Absence of common rail link smothering GCC trade
Gulf states need to push ahead with their plan to build a common railway link to ease trade and investment following the launch of the common market early this year, officials said yesterday.
The absence of such a link and persistence of border obstacles have smothered mutual investments and exchange of trade in the six Gulf Co-operation Council countries, the officials said at a GCC industry conference.
Ministers also backed a proposal from regional industrialists for the creation of a giant GCC company to promote industrial development in the region.
“I can tell you things are getting better now that the customs union and the common market have been set up. Things will get even better after the achievement of the GCC monetary union,” Minister of State for Finance and Industry Mohammed Khalfan bin Kharbash said.
“But, of course, these things are not enough. Transportation is vital for the success of industrial projects, investments and trade. Advanced transport means are the main artery of growth. There is an idea to build a railway in the GCC and this idea is still under discussion. I hope it will materialise.”
Kharbash urged the private sector not to be dissuaded by what he called some obstacles for mutual investment and free trade among member states, adding member states are exerting efforts to remove all those obstacles.

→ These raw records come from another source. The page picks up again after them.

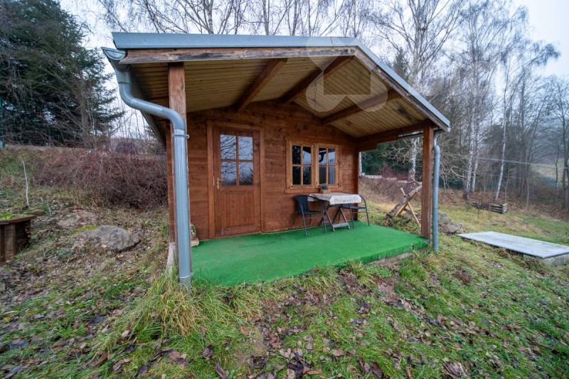 Součástí prodeje je rozlehlý pozemek se vzrostlými stromy, zahradním domkem, bazénem a potůčkem, který poskytuje dostatek soukromí a prostoru pro relaxaci. Velikost pozemku i jeho uspořádání nabízí další možnosti využití.
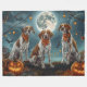 Descanse el espíritu espeluznante con este inquietante diseño de Halloween que presenta una manada de perros bajo un cielo oscuro, iluminado por la luna, rodeados de bates voladores y calabazas brillantes. Perfecto para los amantes de la diversión con sus peludos amigos.
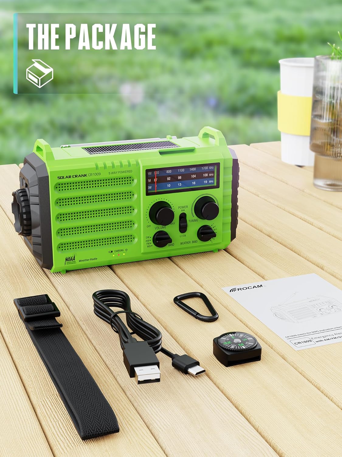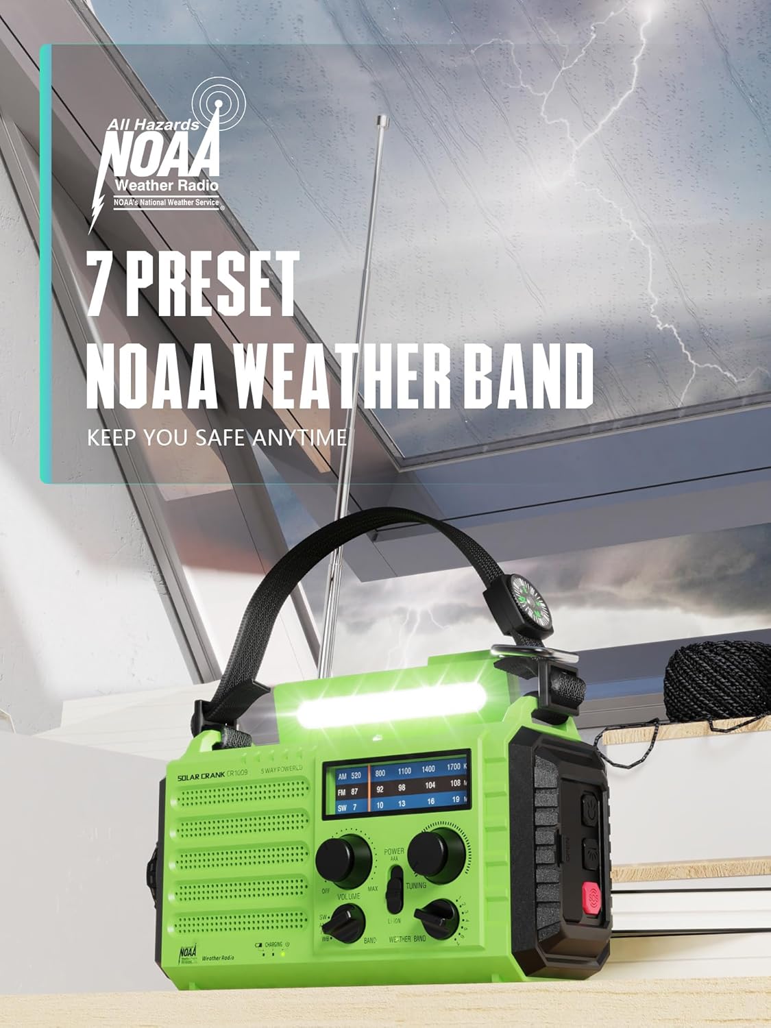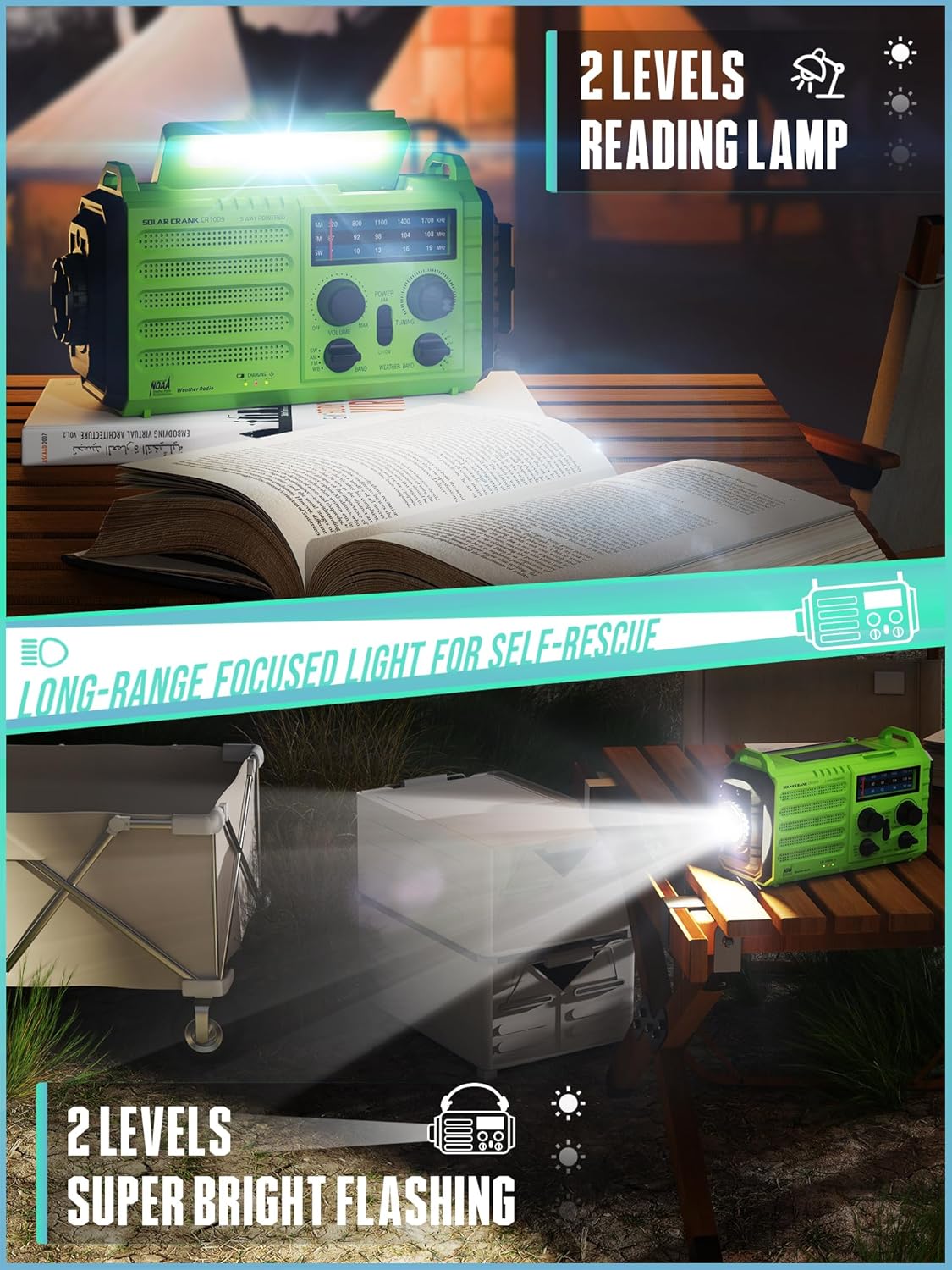 The Emergency Radio with NOAA Weather Alert is designed for both home and outdoor use, providing essential information during emergencies. With a solar hand crank feature, this portable AM/FM shortwave radio ensures you stay connected even when the power is out. The built-in 5000mAh rechargeable battery allows for extended use, while the USB charger adds convenience. Additionally, this radio includes a flashlight and an SOS alarm, making it a versatile tool for survival situations.

He said the private sector should not “stop its bold initiative to promote the industrial sector” and it should benefit from the expanding opportunities and better infrastructure in the region.
On the proposal to the establishment of a giant GCC company to oversee joint industrial projects, he said: “I can tell you right now: go ahead and establish this company and I assure all GCC governments will support your effort and contribute to this important venture.”
Another GCC minister said integration among GCC states would not be complete without an advanced transport network, dubbing member states “backward in such a sector compared to other countries”.
“We are backward by 100 years in the transport sector. I hope this railway project will see light,” Qatari Minister of Energy and Industry Abdullah Al Attiyah said. “We also need to develop the existing transport network. Can you imagine our imports from Argentina or Chile, for example, reach us before those from Syria or Lebanon. The reason is the backward transport network in the GCC and the entire Arab region. We should start moving on plans to build a GCC railway.”